Special Allocation Class
The allocations in the special class are dedicated to specific block types. By default this includes all metadata, the indirect blocks of user data, and any deduplication tables. The class can also be provisioned to accept small file blocks.

A pool must always have at least one normal (non-dedup/special) vdev before other devices can be assigned to the special class. If the special class becomes full, then allocations intended for it will spill back into the normal class.

Inclusion of small file blocks in the special class is opt-in. Each dataset can control the size of small file blocks allowed in the special class by setting the special_small_blocks dataset property. It defaults to zero, so you must opt-in by setting it to a non-zero value.

ZFS dataset property special_small_blocks=size - This value represents the threshold block size for including small file blocks into the special allocation class. Blocks smaller than or equal to this value will be assigned to the special allocation class while greater blocks will be assigned to the regular class. Valid values are zero or a power of two from 512B to 1M normally, and up to 16M when zfs_max_recordsize is set accordingly ^pull#9355. The default size is 0 which means no small file blocks will be allocated in the special class. Before setting this property, a special class vdev must be added to the pool.

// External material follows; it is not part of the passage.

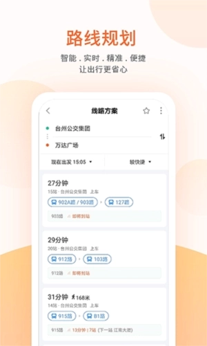 4、出行路线规划:输入起点和终点,即可轻松获取多种换乘方案;

VDEV type special - A device dedicated solely for allocating various kinds of internal metadata, and optionally small file blocks. The redundancy of this device should match the redundancy of the other normal devices in the pool. If more than one special device is specified, then allocations are load-balanced between those devices.

The ZFS Special Device can store meta data (where files are, allocation tables, etc) AND, optionally, small files up to a user-defined size on this special vdev. This would be a great use-case for solid-state storage.

This will dramatically speed up random I/O and cut, by half, the average number of spinning-rust I/Os needed to find and access a file. Operations like ls -lR will be insanely way faster.

The ZFS Special vdev should still have a good level of redundancy (like all Vdevs, if it fails, your pool fails).

In my mind there are two questions:

How much space do you need for Metadata storage?

In the leftover space, how many files below size X can also be stored on the special vdev (for speeeeed).

How much space do you need for Metadata storage?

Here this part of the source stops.